Re: opac live search

From: Weinheimer Jim <j.weinheimer_at_nyob>
Date: Wed, 4 Mar 2009 11:30:46 +0100
To: NGC4LIB_at_LISTSERV.ND.EDU
Alexander Johannesen wrote:

> To me, there is nothing wrong with selection, as long as I have the
> option to unselect. Just like Tim's argument, we need all data and
> then have tools that help us sift through it. That tool in the past
> *were* the librarian, but the amounts of information makes that
> approach unmaintainable and undoable. Even small constrained domains
> are overflowing with information these days, and who are the librarian
> to decide what is the right kind of information for others?

This misses the point of library selection: we are not there deciding what is "right," but using our tools made in close contact with the administration and faculty (and we hope users), we decide on the materials that would be most useful. Different collections with different purposes will select different things. And there are some collections that are termed "exhaustive" where they try to get more or less "everything" in a certain area more or less without selection (but you note that even this word is in quotation marks).

To use an exhaustive collection demands a lot from a user because there is so much junk to sift through since it is so incredibly complex. Again, one man's junk is another man's treasure, but it still must be organized in a coherent way to save people's time, otherwise nobody could ever do anything with it.

Librarians select materials on the basis of utility by the users of the collection and on local resources such as space and funding. It is unethical for a librarian to create a collection that simply mirrors his or her own personal prejudices and biases. This is quite a different task from the teaching faculty. If I don't have something in my collection and someone asks for it, I must help that person get the information, no matter if I agree with what they are doing or not.

Google attempts to be exhaustive in its own domain (no selection), although there is still the "hidden web" so lots of materials are missing. Its method of "organization" (a type of selection by ordering the links) is completely secret, this arrangement of links can and has been manipulated by all kinds of people for various purposes, and this arrangement cannot be changed by the user except to come up with additional words to use, limit to a specific domain or format, and so on. 

While I am not maintaining that Google is bad--it is what it is, Google has very serious weaknesses that must be acknowledged. This is the only way forward. While these limitations are difficult to see in regular Google for various reasons, these limitations become crystal clear to all in Google Book Search.
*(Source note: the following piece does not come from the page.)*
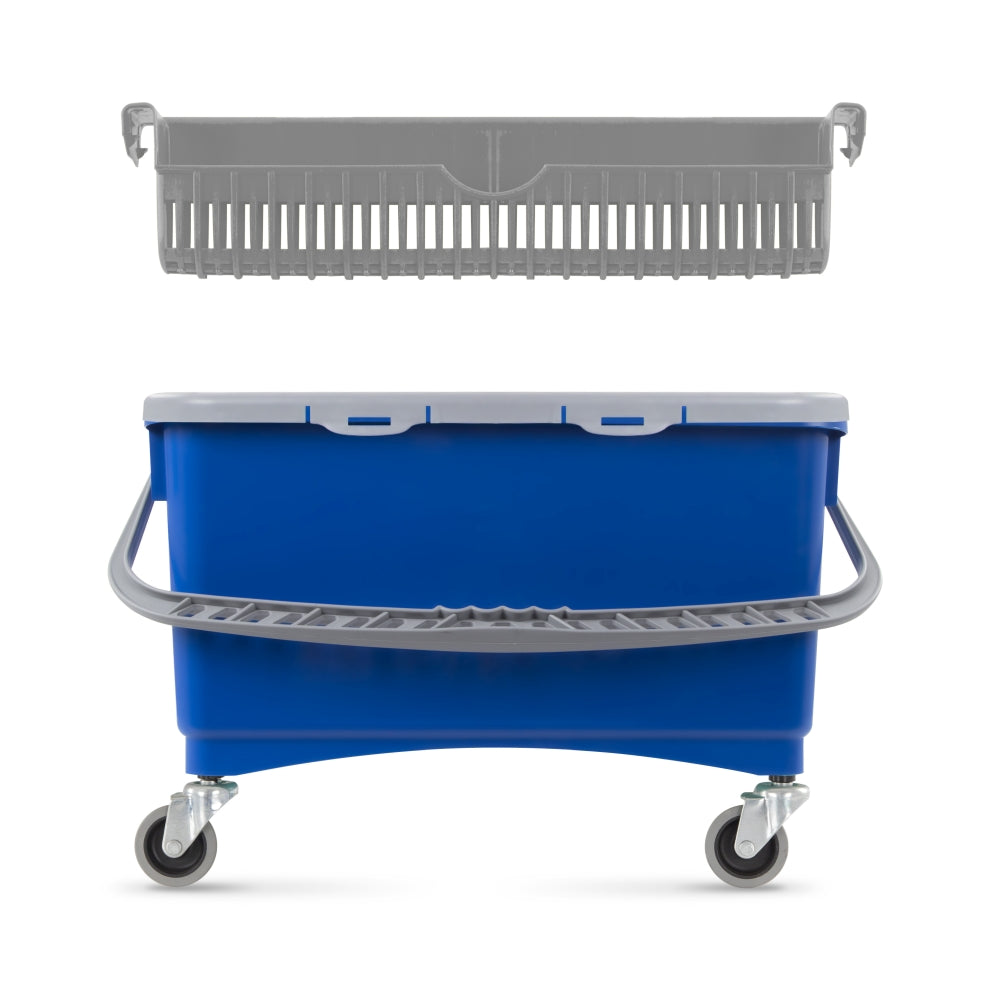 Balde de 28 L em polipropileno, equipado com alça, espremedor e rodas Ø 50 mm, ideal para operações de tratamento de pisos. Disponível com ou sem tampa.

> > How can this "control zone" be created? I think that
> >  (apologies to Tim) the Semantic Web has the tools
> > and methods to create it.
> 
> Both yes and no. There's tools out there and the data could be made
> available, but the lack of consistency and the ambiguous levels of
> ontologies on the web makes this approach currently very, very hard.
> RDF, RDFs and OWL are severely lacking in good identity control,
> something rather basic to anything academic, so consider me sceptical,
> at least at this point.
> 
> Apart from that, I find Tim's response fascinating and rather smack
> bang on. The thread we're talking about is the OPAC, and in this
> context the OPAC as a tool for scholars, so finding an OPAC that's
> actually suited to the *scholars* needs (and not the librarian) is
> sought. Any takers?

Although I may be wrong, my reading of Tim's comments is that Google is so good while the OPAC is so bad, that the OPAC is unimportant for scholarly research. I pointed out some really glaring inadequacies in Google Book Search where their algorithm simply disintegrated, and I haven't mentioned the arrangement of the resources after a search, which is completely incoherent to me (why is this book number 1?). And this is when I am doing my own research (which I do, too). Consequently, I don't believe Google has organized GBS since the results are completely disorganized.

I don't say that the resu
lts are useless or bad, but they are clearly not organized. It is only natural to wonder if the same limitations are in the regular Google search as well but they are more difficult to see.

This is why I maintain that we need both methods, although as you point out, it could easily work in one system so that people could search all at once.

Jim Weinheimer
Received on Wed Mar 04 2009 - 05:36:54 EST